The show started with the son of outgoing Glasgow Central MP Muhammad Sarwar (also present) presenting an awards ceremony for leading Pakistani figures in Glasgow. Anas Sarwar, the Labour MSP candidate for Glasgow Central, introduced Labour leaning individuals to the platform but in amongst all of these was Nicola Sturgeon (SNP), our Deputy First Minister. Nicola made a passionate speech using all the right buzz words, Pakistan, Independence, illegal war, Palestine, Scotland. Then again, independence and the SNP are synonymous, are they not? Interestingly the term Scottish Muslim, which the SNP seem to have quite happily funded nearly half a million pounds towards promoting, was ditched and the term Scottish Pakistanis was used by our Deputy First Minister. Why was this the case? And where were the representatives of the Scottish Islamic Foundation? Could it be the case that SIF believe that what was going on at this concert of dance and music, which is most certainly a part of Pakistani culture, was not ‘Islamic’?

It seems that our political parties in Scotland have gone daft over courting the Muslim vote, or is it the Pakistani vote? I’m not sure they actually care, as long as they get the vote. What troubles me is that there seems to be no concern about change, progress and development. But like I’ve said before, change in the Muslim communities must come from within, it is not the duty or interest of others to call for progress. It seems that politicians may try and deceive us into thinking that they are seeking, or funding, change and progress but in fact their motive and action is purely political. The whole fracas between the SNP and Labour party over the government funding to the Scottish Islamic Foundation is an example of this. The Scottish press seem to be having a field day publishing cheap, or not so cheap in the case of SIF, snipes between the SNP and Labour parties. The ultimate question we should be asking is, does anyone care about what SIF stands for or is this purely a party political issue?
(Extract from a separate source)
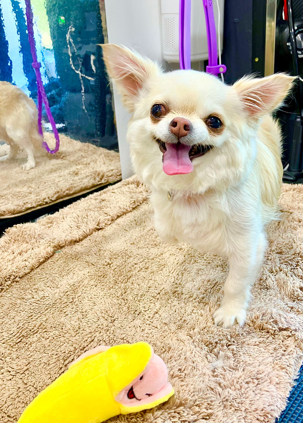 Our lux mobile spa is a low sensory Sanctuary. We only use premium products and equipment. A warm massaging hydro bath, a towel warmer, blueberry facials, calming essential oil aromatherapy, toys, treats and relaxing music. Our grooming salon is designed with your dog's well being as our top priority.

This is why I believe that our political parties or Muslim politicians cannot deliver strength and progress in the Muslim communities. The status quo of Muslim societies in Scotland, or in any other part of the UK, has moved to a moderate stream but what we need is the alternative progressive voice. I have no intention of denying anyone a voice but just aim to promote a truly progressive one too. The regressive agenda of many moderates is being unveiled but I fear that this unveiling is not to support the progressive cause but to further political agendas. I am shocked to hear some Scots use the unfortunate position of the Scottish Islamic Foundation to have a dig at Muslims as a ‘whole’, as if to understand us as a monolith. Progressives cannot continue to sleep through such sentiments but they must be challenged with progressive Islamic values.
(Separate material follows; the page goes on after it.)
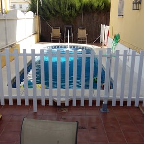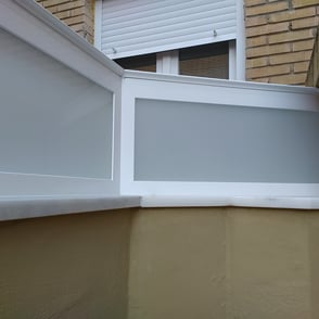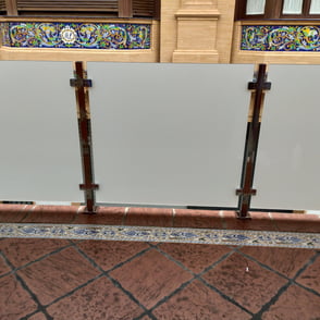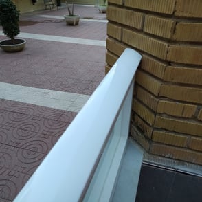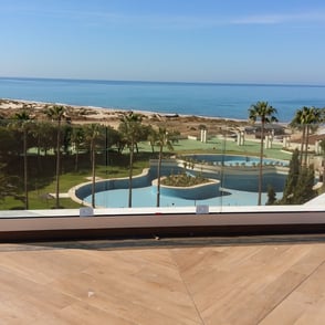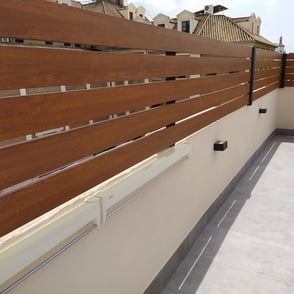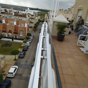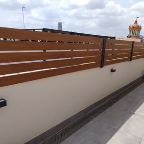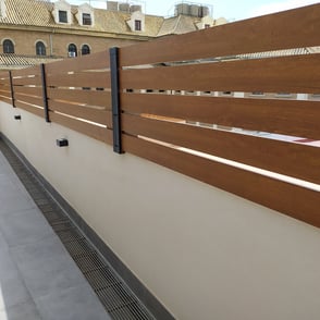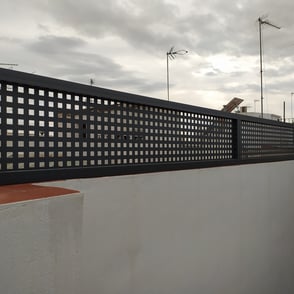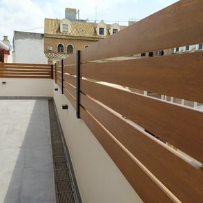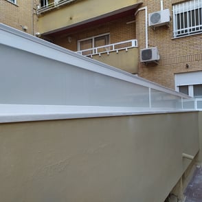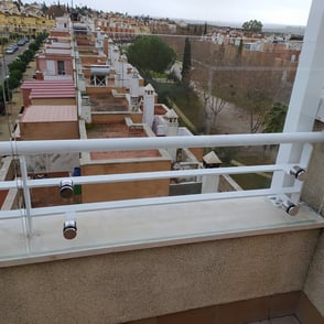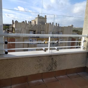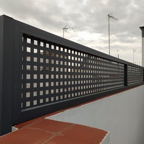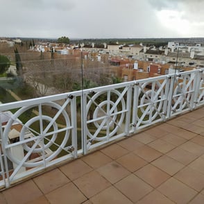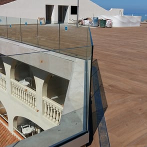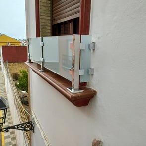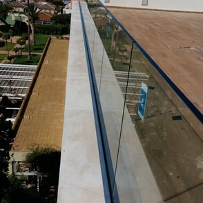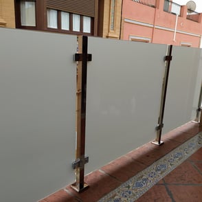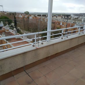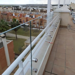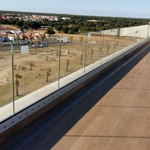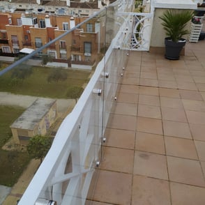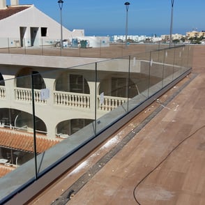 Barandillas minimalistas de vidrio y vallas con perfilería de aluminio.

Change is happening but I believe that it lacks spiritual strength and understanding. Take the vast majority of attendants at the concert last night. I’d say they were between 18-24 and all were thoroughly enjoying the acts on stage by predominantly Brits with clear south Asian roots. The singers sang a mixture of r&b, traditional Punjabi bhangra, Hindi songs which some might say is a nice mixture of everything but in reality it is neither here nor there. It is a bit like the word multiculturalism – we get so involved in trying to figure out all these different cultures and accommodating them that we lose sight of what we actually are ourselves. Only when a culture, be it religious or otherwise, is confident in itself and has grappled with its own state of affairs will it be able to live and thrive in one that is diverse. Only when the new generation of Scots, who are Muslim, are confident and strong in their religion, roots and culture/s will they be able to venture out.
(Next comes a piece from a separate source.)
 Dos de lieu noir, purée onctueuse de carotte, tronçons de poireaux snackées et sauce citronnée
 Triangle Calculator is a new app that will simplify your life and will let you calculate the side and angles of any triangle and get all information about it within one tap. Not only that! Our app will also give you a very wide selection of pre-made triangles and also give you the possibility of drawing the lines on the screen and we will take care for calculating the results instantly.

At the moment we seem to be failing this new generation by not highlighting their roots and how proud they should be of them. Instead we are trying to create this Scottish Muslim which shies away from its real roots. Why are we so reluctant to highlight the beautiful culture of the subcontinent? The answer is simple - because it is progressive. Let us not forget that Muhammad Ali Jinnah created Pakistan as a secular, yet very Islamic, state. A state that proudly presented a Hindu as it’s first Foreign Minister. A state that was created through the vision of a great mystical Urdu poet, Muhammad Iqbal. A state which has failed to uphold these progressive values because the Mullahs of the land have been trying in vain to create an ideal Islamic State! I’m also not altogether convinced that independence for India or Pakistan was a good idea for their ultimate strength in culture and creativity lay in their unification, but that’s for another day. I felt that these critical questions were lost in a sea of identity crisis at the concert last night.

Here is a speech given by Muhammad Ali Jinnah, Founder of Pakistan. Note how the speech makes no comment on how to make the state 'Islamic' but talks about shared values and deep Islamic vales and ethos which require no need to detail political Islam.

Maybe I am deconstructing music too much but for me at a Pakistani Independence Day concert we needed to hear songs which Pakistani greats sang such as Noor Jehan, Farida Khanum, Malaika Pukhraj, Iqbal Bano, Mehdi Hassan, Naseebo Lal and others. These singers have sung some of the most outstanding songs with powerful Urdu poetry that is deeply spiritual and progressive. The problem is that the moderates have hammered in this idea that music, singing and dance is totally ‘un-Islamic’ which has led the younger generation to see such creativity far from the realms of Islam. Islam has inspired some of the most wonderful poetry, ghazals, music and singing in South Asia and the very core of a lot of these songs sung by the new generation of Brits has its roots in that land. The problem is that the vital link between music, singing and poetry has not been developed with the younger generation. So the vital question is who is doing this? Are we expecting our political parties or politicians to do this? If we are truly to be proud of Pakistan and India’s Independence then we need to ask ourselves why that is and what questions does that raise about our identity and roots.